Figure 13. The relationship between the number of proposals and classification accuracy.

4.2. Evaluation of Number of Model Weights

Commonly, the number of model weights influences the performance of a CNN model. The model weights mainly result from fully connected layers because of the connecting of every neuron from one layer to another. To reduce the number of model weights, in principle, the number of neurons of a fully connected layer should be decreased. However, the performance of a CNN model would be decreased due to the reduction in the number of model weights. Therefore, to trade-off the performance and model weights, the number of outputs of fully connected layers were tested by separately by setting the number of neurons of FC6_global, FC7_global, FC6_local, and FC7_local (as shown in Figure 7) as {512, 1024, 2048, 4096}, and the other parameters were kept the same. From Figure 14, when the neurons of a fully connected layer increased from 512 to 4096, the classification accuracy of both datasets improved. The size of the models were {123, 181, 312, 623} MB. However, the size of VGG16 model was 553 MB. It is interesting that when the model size was 312 MB, the classification accuracies of our method were 92.48% and 99.04% in the AID and UC-Merced datasets, respectively. It is very convincing that the architecture integrating the GCFs and LOFs effectively improves the scene classification of remote-sensing images, as the number of model weights is smaller than the original VGG16. The accuracies reported in Section 3 were obtained by setting the neurons as 2048.

Figure 14. The relationship between the setting of fully connected layer and classification accuracy.

4.3. Evaluation of Scale of RoI Pooling Kernel

The RoI pooling layer is used for extracting the LOFs by sliding window with window =

⌈ \frac{a}{b} ⌉

and stride =

⌊ \frac{a}{b} ⌋

, where a means the size of input feature map, and b is the size of the output feature map in the layer. Commonly, the objects in remote-sensing scenes are usually small and hard to detect. Thus, a moderate window size is necessary for LOFs extraction. Four different window sizes were tested to analyze how these affected classification accuracy by setting the size of output feature map as {1 × 1, 3 × 3, 5 × 5, 7 × 7}. For the same size of input feature map, the window size decreased when the size of output feature map increased. As can be seen from Figure 15, the classification accuracy improved as the size of output feature map increased , that is, as the window size decreased. This comparison between different window sizes suggests that a smaller window size could capture small local-object information helpful to infer scenes. The accuracies reported in Section 3 were obtained by setting the output feature map of RoI pooling layer as 7 × 7.
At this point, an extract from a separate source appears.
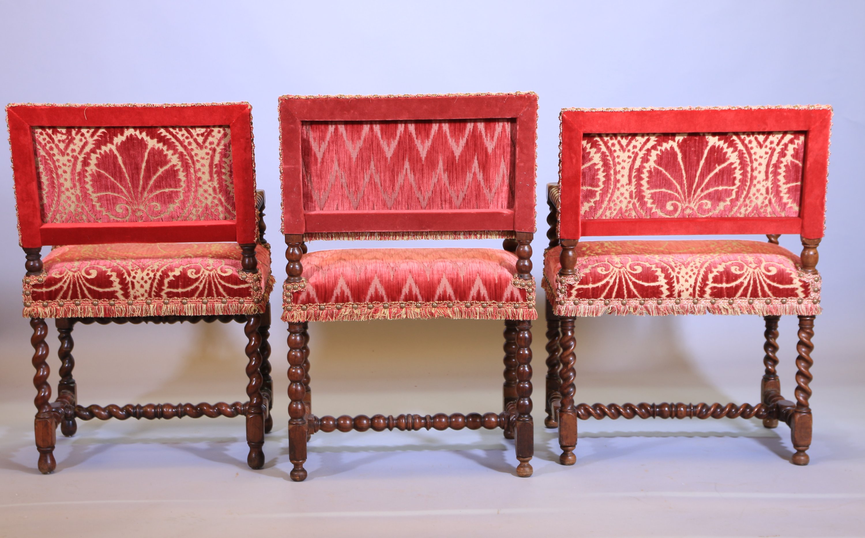 Noyer mouluré et sculpté. Accotoirs et pieds torsadés pour deux et en chapelet pour le dernier reliés par une entretoise en H.

Figure 15. The relationship between the size of output feature map and classification accuracy.

5. Conclusions

In this paper, to solve the problem of difficulty in extracting both the global context and small local objects in conventional remote-sensing scene classification methods, we propose a novel end-to-end scene classification architecture that consists of two branches. By integrating global context features (GCFs) extracted in global semantic branch (GSB) and local-object-level features (LOFs) extracted from local object branch (LOB), our network can learn robust and abstract feature representations of scene image. To address the problem of fixed-size inputs of traditional CNN models, which causes the objects in the original scene to be smaller and harder to detect, our architecture supports input of any size for taking full advantage of objects’ feature.
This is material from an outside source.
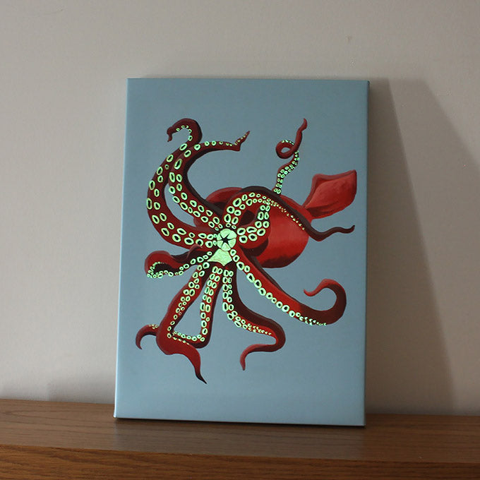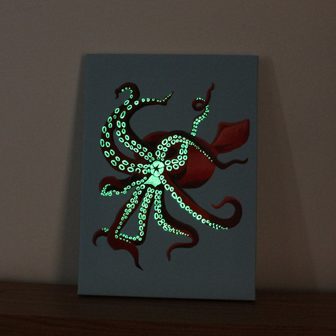 Daylight charges up the suckers so they appear at night. Each canvas is hand painted and unique.

To test the performance of our method, experiments were performed on the challenging AID, UC-Merced, and RSSCN7 datasets. Extensive experimental results consistently showed that our architecture outperforms the current state-of-the-art methods. Particularly, when compared with the methods that use CNNs as the global feature extractor, our method, integrating the LOFs and GCFs, obtained the best accuracy. In the future work, we will conduct a multi-task network for simultaneously carrying out the object detection and scene classification of remote-sensing images.

Author Contributions

D.Z. supervised and designed the research work, as well as wrote the manuscript; S.C. and B.C. performed the experiments, participated in experimental designs and data processing, and S.L. helped to revise the manuscript.

Acknowledgments

This work was supported by the National Natural Science Foundation of China (No. 61572307).

Conflicts of Interest

The authors declare no conflict of interest.

References

Hu, Q.; Wu, W.; Xia, T.; Yu, Q.; Yang, P.; Li, Z.; Song, Q. Exploring the use of Google Earth imagery and object-based methods in land use/cover mapping. Remote Sens. 2013, 5, 6026–6042. [Google Scholar] [CrossRef]
Zhang, L.; Zhang, L.; Du, B. Deep learning for remote sensing data: A technical tutorial on the state of the art. IEEE Geosci. Remote Sens. Mag. 2016, 4, 22–40. [Google Scholar] [CrossRef]
Yang, W.; Yin, X.; Xia, G.S. Learning high-level features for satellite image classification with limited labeled samples. IEEE Trans. Geosci. Remote Sens. 2015, 53, 4472–4482. [Google Scholar] [CrossRef]
Shao, W.; Yang, W.; Xia, G.S. Extreme value theory-based calibration for the fusion of multiple features in high-resolution satellite scene classification. Int. J. Remote Sens. 2013, 34, 8588–8602. [Google Scholar] [CrossRef]
Xia, G.S.; Hu, J.; Hu, F.; Shi, B.; Bai, X.; Zhang, L.; Lu, X. AID: A benchmark data set for performance evaluation of aerial scene classification. IEEE Trans. Geosci. Remote Sens. 2017, 55, 3965–3981. [Google Scholar] [CrossRef]
Lowe, D.G. Distinctive image features from scale-invariant keypoints. Int. J. Comput. Vis. 2004, 60, 91–110. [Google Scholar] [CrossRef]
Shao, W.; Yang, W.; Xia, G.S.; Liu, G. A Hierarchical Scheme of Multiple Feature Fusion for High-Resolution Satellite Scene Categorization. In Proceedings of the International Conference on Computer Vision Systems, St. Petersburg, Russia, 16–18 July 2013; Springer: Berlin/Heidelberg, Germany, 2013; pp. 324–333. [Google Scholar]
Yang, Y.; Newsam, S. Comparing SIFT descriptors and Gabor texture features for classification of remote sensed imagery. In Proceedings of the 15th IEEE International Conference on Image Processing (ICIP), San Diego, CA, USA, 12–15 October 2008; pp. 1852–1855. [Google Scholar]
Dos Santos, J.A.; Penatti, O.A.B.; da Silva Torres, R. Evaluating the Potential of Texture and Color Descriptors for Remote Sensing Image Retrieval and Classification. In Proceedings of the VISAPP, Angers, France, 17–21 May 2010; pp. 203–208. [Google Scholar]
Swain, M.J.; Ballard, D.H. Color indexing. Int. J. Comput. Vis. 1991, 7, 11–32. [Google Scholar] [CrossRef]
Ojala, T.; Pietikainen, M.; Maenpaa, T. Multiresolution gray-scale and rotation invariant texture classification with local binary patterns. IEEE Trans. Pattern Anal. Mach. Intell. 2002, 24, 971–987. [Google Scholar] [CrossRef]
Chen, C.; Zhang, B.; Su, H.; Li, W.; Wang, L. Land-use scene classification using multi-scale completed local binary patterns. Signal Image Video Process. 2016, 10, 745–752. [Google Scholar] [CrossRef]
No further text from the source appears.